Ilustrasi media sosial yang digunakan anak muda. (IDN Times/Aditya Pratama)
Di tengah munculnya isu mengenai aksi besar pada Agustus, Andira juga mengingatkan mahasiswa agar berhati-hati terhadap informasi yang beredar di media sosial. Ia menyoroti adanya video lama yang kembali beredar seolah-olah menggambarkan kejadian baru.
Menurut Andira, informasi semacam itu berpotensi membentuk persepsi publik yang keliru. Namun, dia meminta publik tidak buru-buru menyimpulkan bahwa penyebaran konten tersebut merupakan bentuk framing atau agenda setting tertentu tanpa bukti.
"Apakah ini sebuah framing atau agenda setting tertentu, menurut saya kita jangan langsung menyimpulkan tanpa bukti. Yang paling penting justru bagaimana kita kembali melihat fakta dan kondisi sebenarnya di lapangan," ungkap dia.
Andira menilai mahasiswa memiliki tanggung jawab untuk memastikan informasi yang diterima sebelum menyebarkan maupun mengambil sikap.
"Jangan sampai karena sebuah isu viral, kita langsung ikut menyebarkan atau mengambil sikap tanpa tahu kebenarannya," ujarnya.
Meski demikian, Andira menegaskan, BEM SI menghormati demonstrasi sebagai bentuk penyampaian aspirasi yang sah selama dilakukan secara kondusif. Sebaliknya, dia menolak segala bentuk anarkisme dan perusakan.
"Demonstrasi mahasiswa itu bagian dari penyampaian aspirasi yang sah. Selama dilakukan secara kondusif, kami tentu menghormati itu. Tapi kami tidak pernah membenarkan anarkisme atau pun perusakan," katanya.
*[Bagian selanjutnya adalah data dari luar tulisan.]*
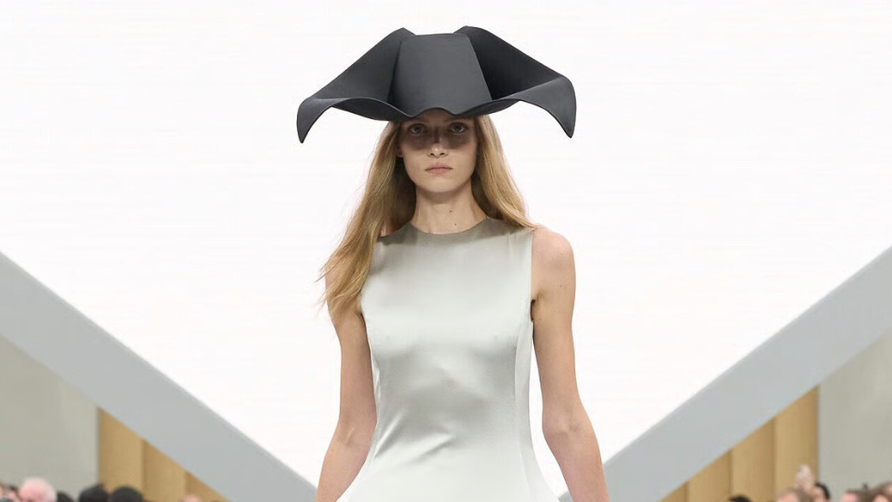 새로운 액세서리 라인업은 탄탄했다. 아카이브 드레스에서 영감을 받아 새롭게 선보인 ‘시갈레(Cigale)’ 백을 비롯해 디올 까나주를 넣은 부드러운 숄더백, 볼링백처럼 캐주얼하게 재해석한 레이디 디올 백이 새로운 시그니처 가방이 될 준비를 완벽히 마친 모습이었다. 스트랩에 금속 ‘Dior’ 하드웨어가 박힌 느슨한 스웨이드 핸드백은 노트북을 넣어도 무리가 없을 정도로 실용적 디자인이 돋보였다. 클래식한 펌프스는 토끼 귀 모양 장식을 얹어 장난스러운 위트를 더했고, 무슈 디올이 사랑한 거대한 플라워 코르사주를 장식한 뮬과 디올의 시그니처 ‘C’와 ‘D’를 오른쪽과 왼쪽에 짝짝이로 장식한 펌프스, 로고를 넣은 금장 거울 펜던트를 박은 로퍼 등이 고루 시선을 끌었다. 특히, 모자 디자이너 스티븐 존스(Stephen Jones)가 디자인한 일그러진 형태의 트리콘(Tricorne) 모자에 주목할 것! 이는 과거의 유산을 완전히 새로운 관점으로 해석하겠다는 조나단 앤더슨의 의지를 상징한다. 쇼 노트에 담긴 일그러진 모자에 대한 설명은 다음과 같다. ‘역사를 상자에 가둬두면 내파가 일어난다. 모자도 마찬가지로 스스로 내파한다(Putting history into a box creates an implosion — hats implode into themselves)’

Andira juga membantah anggapan bahwa mahasiswa saat ini sudah tidak kritis atau memilih "tiarap". Menurutnya, yang berubah adalah cara mahasiswa dalam menyampaikan kritik.
BEM SI, menurut Andira, tetap konsisten mengkritisi kebijakan pemerintah yang dinilai perlu dikoreksi. Namun, demonstrasi bukan satu-satunya jalur yang dapat ditempuh.
"Ada audiensi, kajian, advokasi, dan berbagai jalur lain yang legal dan konstitusional," tuturnya.
Ke depan, BEM SI ingin membangun gerakan mahasiswa yang tidak hanya bereaksi ketika sebuah isu menjadi viral. Mereka ingin terlebih dahulu turun ke lapangan, mendengar masyarakat, mengumpulkan fakta, dan mengkaji persoalan sebelum menentukan langkah.
"Kami ingin turun langsung, melihat masalahnya, ngobrol dengan masyarakat, mengumpulkan fakta, kemudian mengkaji apa yang sebenarnya perlu diperjuangkan," ujar dia.
Andira berharap BEM SI ke depan tidak hanya menjadi pihak yang merespons isu, tetapi mampu menjadi penggerak isu atau lead the issue.
"Jadi kami yang datang melihat masalahnya, memahami persoalannya, kemudian menentukan bagaimana gerakan mahasiswa bisa hadir dan memberikan dampak," katanya.
Bagi Andira, keberhasilan gerakan mahasiswa tidak semata-mata diukur dari frekuensi aksi demonstrasi, tetapi dari perubahan yang mampu dihasilkan.
"Karena menurut saya, ukuran gerakan mahasiswa bukan cuma seberapa sering kita turun ke jalan, tapi seberapa jauh gerakan itu bisa membawa perubahan," tutur Andira.